文以寧看了看他,小如意的包子臉都團成了一個球。強忍住去掐一把的沖動,文以寧忍笑、對如意一本正經地點了點頭。

“您、您不開玩笑?!”如意似乎還不相信,認真地確認。

點頭,文以寧不管如意,自己穿了外衫,將長發從衣衫中拿出來,偏著頭系緊衣扣:

“我知道你擔心什麽,如意,我只答你一句,無論如何,這一次我想要信他。”

如意楞了楞,吞了一口唾沫,這才走過去,不大情願地幫文以寧整理衣衫,一邊替文以寧梳頭,一邊絮絮叨叨地說個不停:

“您就是太輕信了!我看他可不是什麽好人,和寧王在一起的、都沒有什麽好東西,主子你還是小心一點好。”

“再說了——宮裏宮外那麽多的人,不論男女,您為什麽非要挑一個、一個……”

“太監也是人,”文以寧站起身來,沖如意笑了笑,打斷了他的話,“這世間沒有那麽多的郎情妾意、花好月圓,月有陰晴圓缺、很多事情無法兩全。”

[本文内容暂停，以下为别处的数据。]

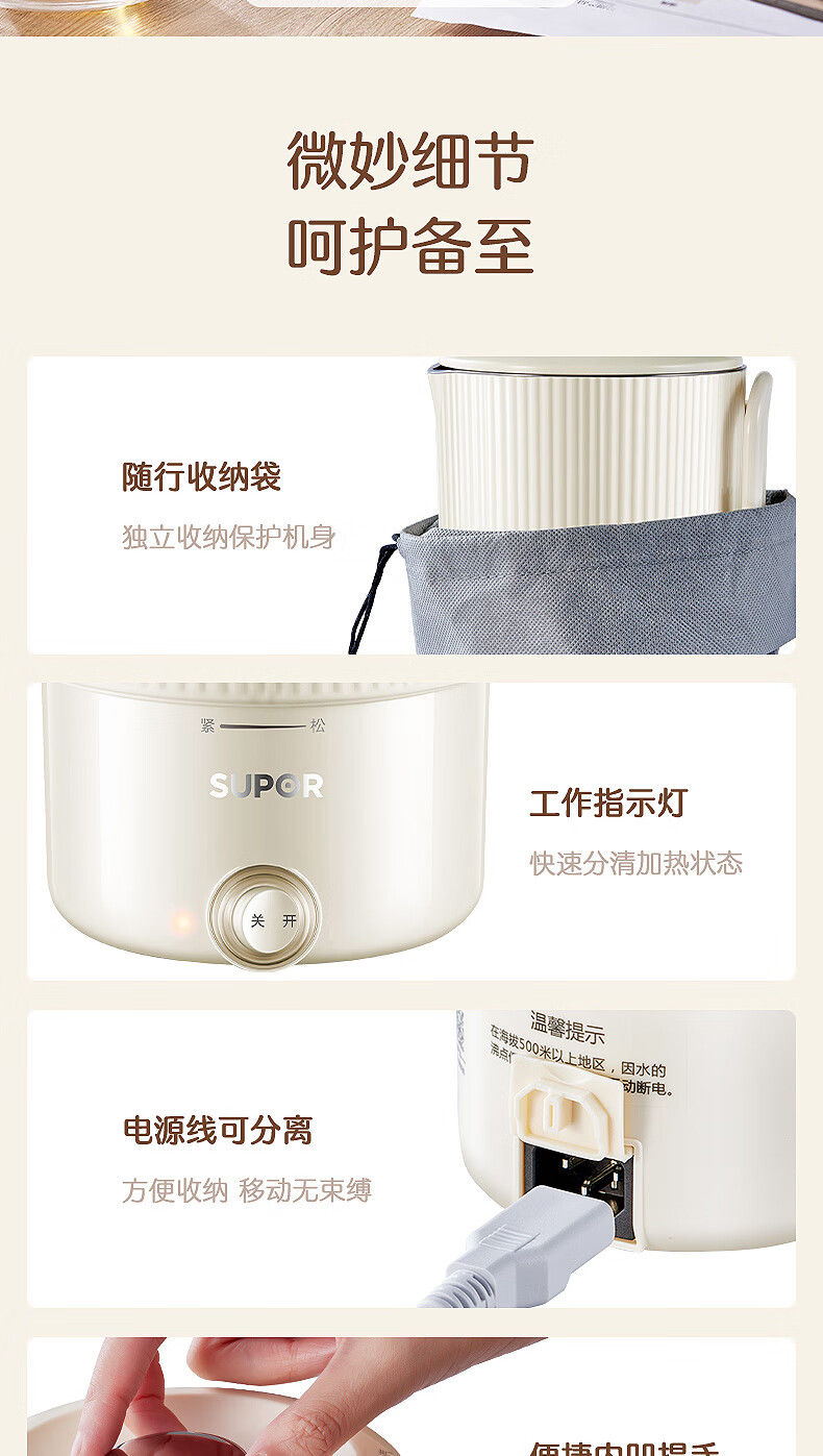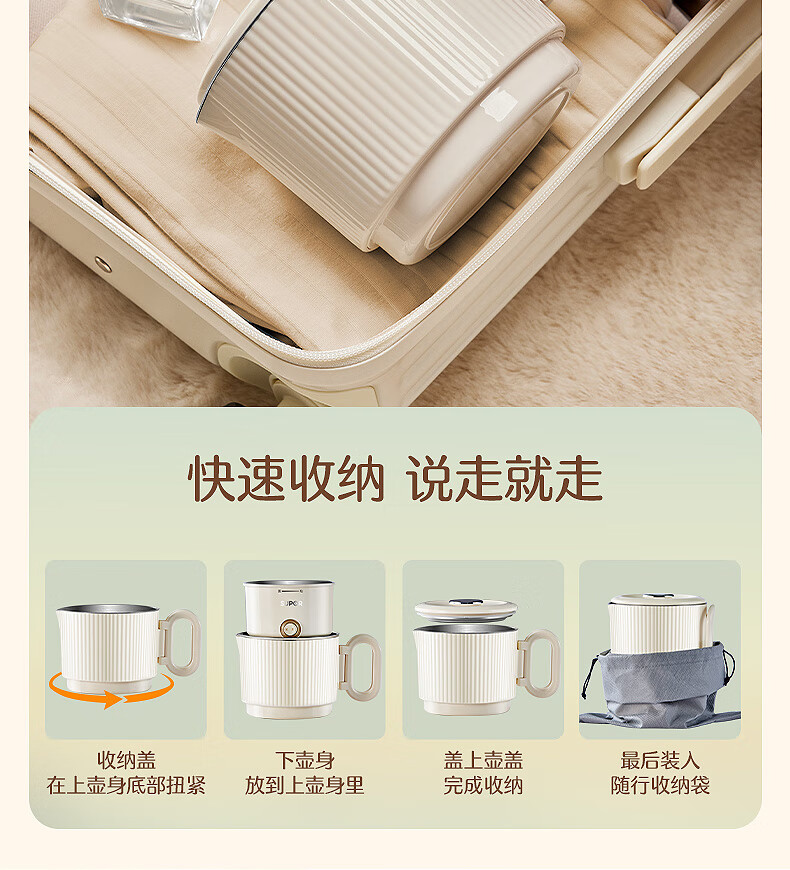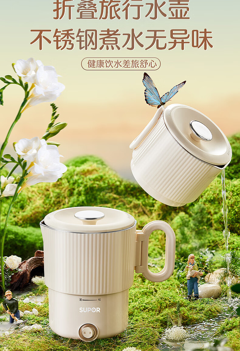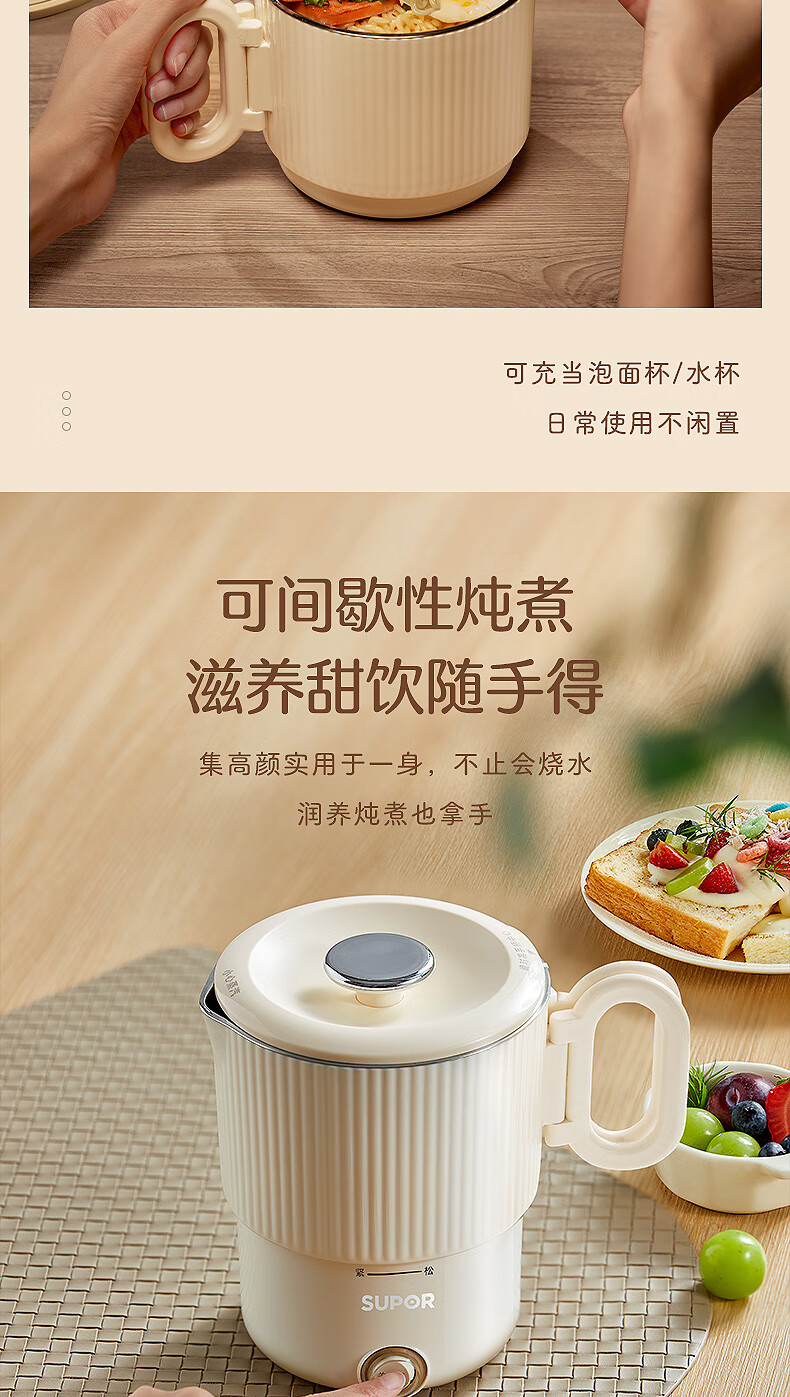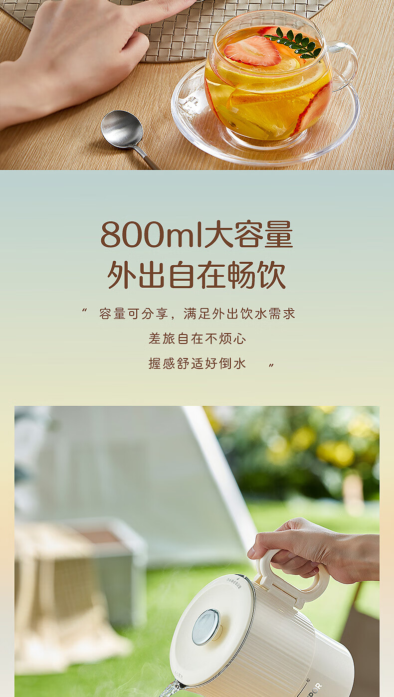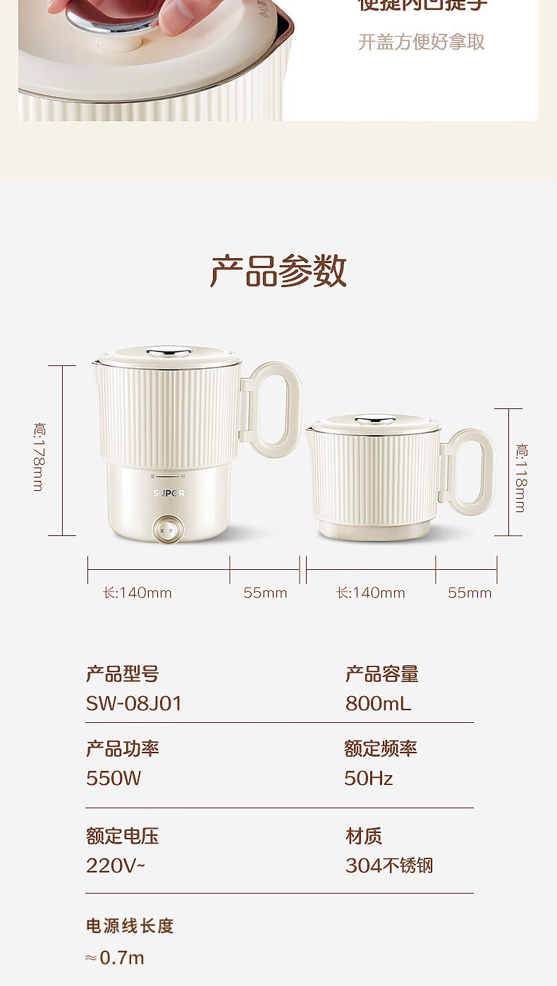 苏泊尔(SUPOR) SW-08J01 0.8L 便携式烧水壶 白色(单位:个)

嘆了一口氣,文以寧發自內心地笑,拍了拍如意的肩膀道:

“或許正是因為生命中有了這麽多的不完美,才讓我們更覺得現在擁有的更加完滿吧。”

文以寧說完轉頭就離開了偏殿,直接往明光殿而去。

留下如意一個人呆楞地站在偏殿裏面,細細尋思著文以寧說的這句話。

從西後六宮往明光殿去的路上,如意才追上了文以寧,文以寧斜靠在轎輦上補眠,偏著頭拄著腮幫假寐。

如意匆匆趕來,本來有一肚子話想要對文以寧說——

比如,主子的生活確實有諸多不幸,和先帝淩與樞過得日子一點也不愉快,家人雕零、妹妹狠毒,這是過去的不完美,但是現在日子也一天一天好了。

再比如,他們這些當太監的,雖然挨了一刀子、沒了東西,將來沒兒沒女的、只能在宮中找個好出路,卻又比在鄉間餓死好得多。

如意想明白了,人生有得便有失,知足方能常樂。

可惜,如意看著文以寧眼下的淤黑還有滿臉的疲累,硬是將心裏的話全部吞了下去,只在旁邊跟著轎輦走著。文以寧的手隨意地垂在了旁邊,如意無意中掃過去卻發現文以寧的手腕上空空如也。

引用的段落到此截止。